[Start of Attachment]

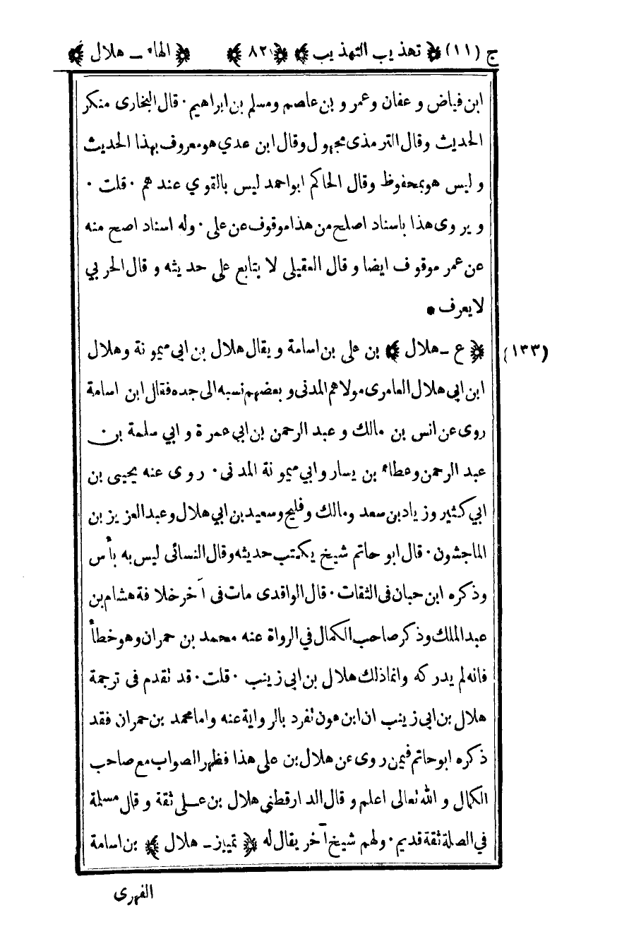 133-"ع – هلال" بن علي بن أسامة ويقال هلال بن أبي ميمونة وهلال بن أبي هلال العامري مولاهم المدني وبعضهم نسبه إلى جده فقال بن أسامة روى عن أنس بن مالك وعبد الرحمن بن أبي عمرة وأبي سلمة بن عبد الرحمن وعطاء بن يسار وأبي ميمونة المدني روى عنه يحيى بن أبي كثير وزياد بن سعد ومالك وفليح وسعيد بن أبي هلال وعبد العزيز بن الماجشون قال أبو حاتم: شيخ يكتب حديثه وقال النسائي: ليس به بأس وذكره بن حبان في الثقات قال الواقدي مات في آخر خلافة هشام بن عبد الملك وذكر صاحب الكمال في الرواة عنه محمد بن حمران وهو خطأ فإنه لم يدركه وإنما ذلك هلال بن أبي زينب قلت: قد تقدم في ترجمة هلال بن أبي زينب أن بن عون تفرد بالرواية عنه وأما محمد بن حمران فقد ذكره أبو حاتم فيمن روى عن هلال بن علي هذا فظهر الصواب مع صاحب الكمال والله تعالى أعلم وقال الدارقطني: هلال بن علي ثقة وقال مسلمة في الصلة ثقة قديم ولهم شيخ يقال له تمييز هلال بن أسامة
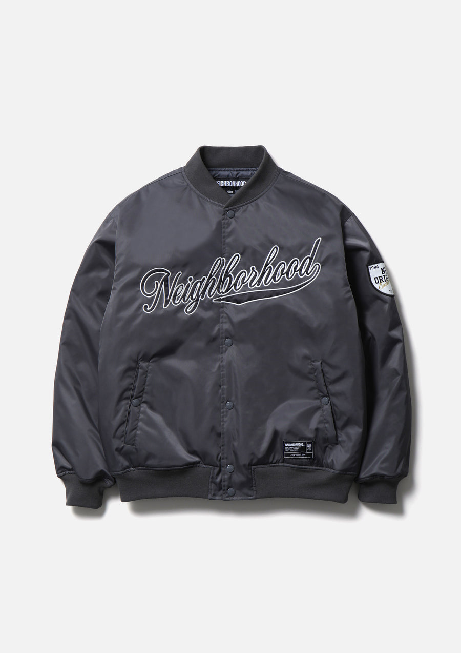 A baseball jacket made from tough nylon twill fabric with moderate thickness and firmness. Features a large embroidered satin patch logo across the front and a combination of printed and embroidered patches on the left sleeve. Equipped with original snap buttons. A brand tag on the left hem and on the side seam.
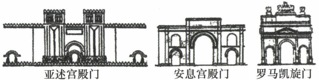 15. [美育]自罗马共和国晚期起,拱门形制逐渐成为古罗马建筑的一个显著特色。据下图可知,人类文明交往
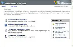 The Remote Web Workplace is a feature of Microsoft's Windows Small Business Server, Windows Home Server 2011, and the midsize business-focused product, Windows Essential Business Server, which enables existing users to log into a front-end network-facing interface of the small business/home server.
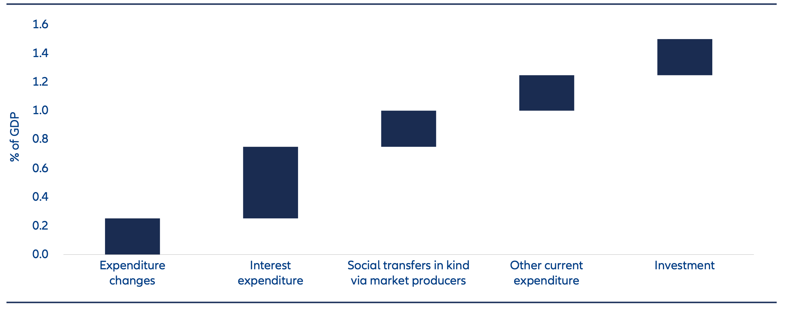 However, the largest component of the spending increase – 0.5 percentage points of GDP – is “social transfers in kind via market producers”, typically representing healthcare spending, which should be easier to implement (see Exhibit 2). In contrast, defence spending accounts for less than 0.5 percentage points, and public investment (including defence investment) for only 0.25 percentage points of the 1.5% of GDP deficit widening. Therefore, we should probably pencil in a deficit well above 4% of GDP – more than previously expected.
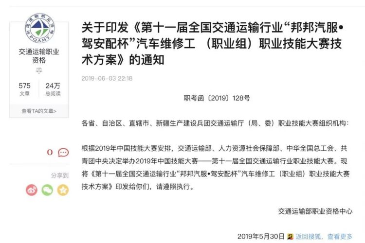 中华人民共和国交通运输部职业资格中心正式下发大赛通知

[End of Attachment]

### [ACTION ITEM]
The pictures are not wanted, but every line of the listing should be duplicated exactly.

### [RESPONSE BELOW]
 133-"ع – هلال" بن علي بن أسامة ويقال هلال بن أبي ميمونة وهلال بن أبي هلال العامري مولاهم المدني وبعضهم نسبه إلى جده فقال بن أسامة روى عن أنس بن مالك وعبد الرحمن بن أبي عمرة وأبي سلمة بن عبد الرحمن وعطاء بن يسار وأبي ميمونة المدني روى عنه يحيى بن أبي كثير وزياد بن سعد ومالك وفليح وسعيد بن أبي هلال وعبد العزيز بن الماجشون قال أبو حاتم: شيخ يكتب حديثه وقال النسائي: ليس به بأس وذكره بن حبان في الثقات قال الواقدي مات في آخر خلافة هشام بن عبد الملك وذكر صاحب الكمال في الرواة عنه محمد بن حمران وهو خطأ فإنه لم يدركه وإنما ذلك هلال بن أبي زينب قلت: قد تقدم في ترجمة هلال بن أبي زينب أن بن عون تفرد بالرواية عنه وأما محمد بن حمران فقد ذكره أبو حاتم فيمن روى عن هلال بن علي هذا فظهر الصواب مع صاحب الكمال والله تعالى أعلم وقال الدارقطني: هلال بن علي ثقة وقال مسلمة في الصلة ثقة قديم ولهم شيخ يقال له تمييز هلال بن أسامة
 A baseball jacket made from tough nylon twill fabric with moderate thickness and firmness. Features a large embroidered satin patch logo across the front and a combination of printed and embroidered patches on the left sleeve. Equipped with original snap buttons. A brand tag on the left hem and on the side seam.
 15. [美育]自罗马共和国晚期起,拱门形制逐渐成为古罗马建筑的一个显著特色。据下图可知,人类文明交往
 The Remote Web Workplace is a feature of Microsoft's Windows Small Business Server, Windows Home Server 2011, and the midsize business-focused product, Windows Essential Business Server, which enables existing users to log into a front-end network-facing interface of the small business/home server.
 However, the largest component of the spending increase – 0.5 percentage points of GDP – is “social transfers in kind via market producers”, typically representing healthcare spending, which should be easier to implement (see Exhibit 2). In contrast, defence spending accounts for less than 0.5 percentage points, and public investment (including defence investment) for only 0.25 percentage points of the 1.5% of GDP deficit widening. Therefore, we should probably pencil in a deficit well above 4% of GDP – more than previously expected.
 中华人民共和国交通运输部职业资格中心正式下发大赛通知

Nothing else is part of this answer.